# DATA BELOW
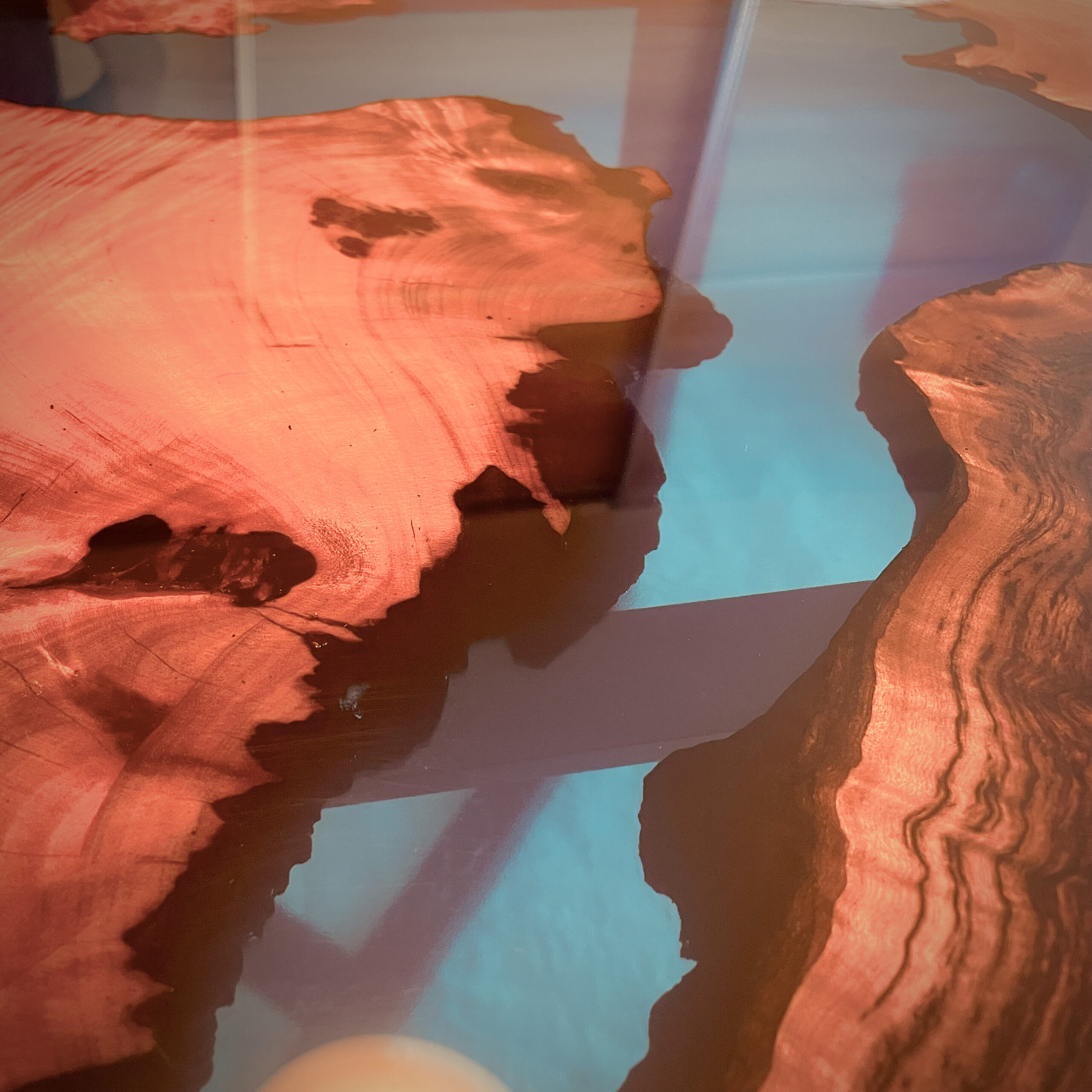 レジンテーブルの制作では、この自然の造形をいかに美しく見せるかが大切で、ブルーレジンの透明感と掛け合わせることで、木目の奥行きや質感がより鮮明に浮かび上がります。今回の作品でも、瘤の立体的な模様が光に照らされてまるで“地球の地殻変動”のように見え、レジンの青が“海域”として広がることで壮大な世界観を生み出しています。単なる家具という枠を超え、空間にアートを飾るような価値を持つのが、瘤材×レジンの組み合わせなのです。
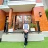 FADFAD Atasan wanita lengan panjang dengan desain bunga di bagian bahu dan pinggang pas.
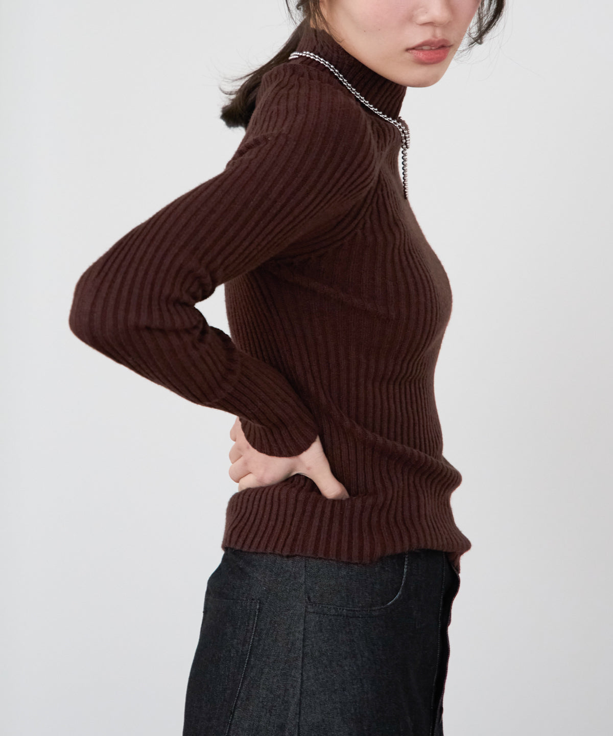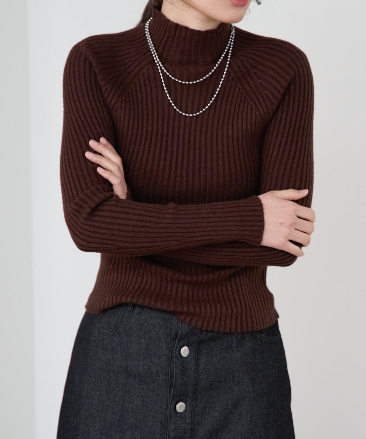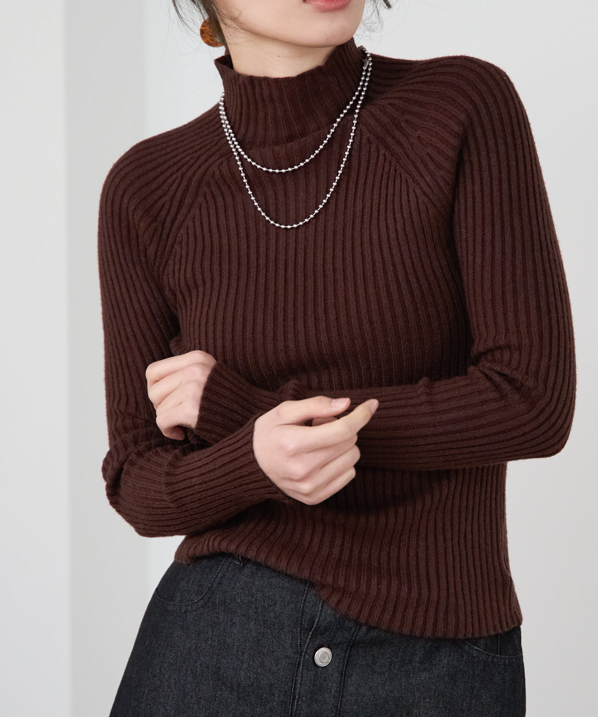 オンオフで使えるシンプルなリブニットです。普段使いはもちろん通勤スタイルにもおすすめのアイテムです。1枚ではもちろん、ジャンパースカートやワンピースなどのインナートップスとしても着回しのきくニットです。伸縮性がありタイトですっきりとした印象で、程よいフィット感ですが身体のラインを拾い過ぎないシルエットです。

# TASK ITEM
All of the material above is to be copied exactly, except for its images.

# EXPECTED ANSWER
 レジンテーブルの制作では、この自然の造形をいかに美しく見せるかが大切で、ブルーレジンの透明感と掛け合わせることで、木目の奥行きや質感がより鮮明に浮かび上がります。今回の作品でも、瘤の立体的な模様が光に照らされてまるで“地球の地殻変動”のように見え、レジンの青が“海域”として広がることで壮大な世界観を生み出しています。単なる家具という枠を超え、空間にアートを飾るような価値を持つのが、瘤材×レジンの組み合わせなのです。
 FADFAD Atasan wanita lengan panjang dengan desain bunga di bagian bahu dan pinggang pas.
 オンオフで使えるシンプルなリブニットです。普段使いはもちろん通勤スタイルにもおすすめのアイテムです。1枚ではもちろん、ジャンパースカートやワンピースなどのインナートップスとしても着回しのきくニットです。伸縮性がありタイトですっきりとした印象で、程よいフィット感ですが身体のラインを拾い過ぎないシルエットです。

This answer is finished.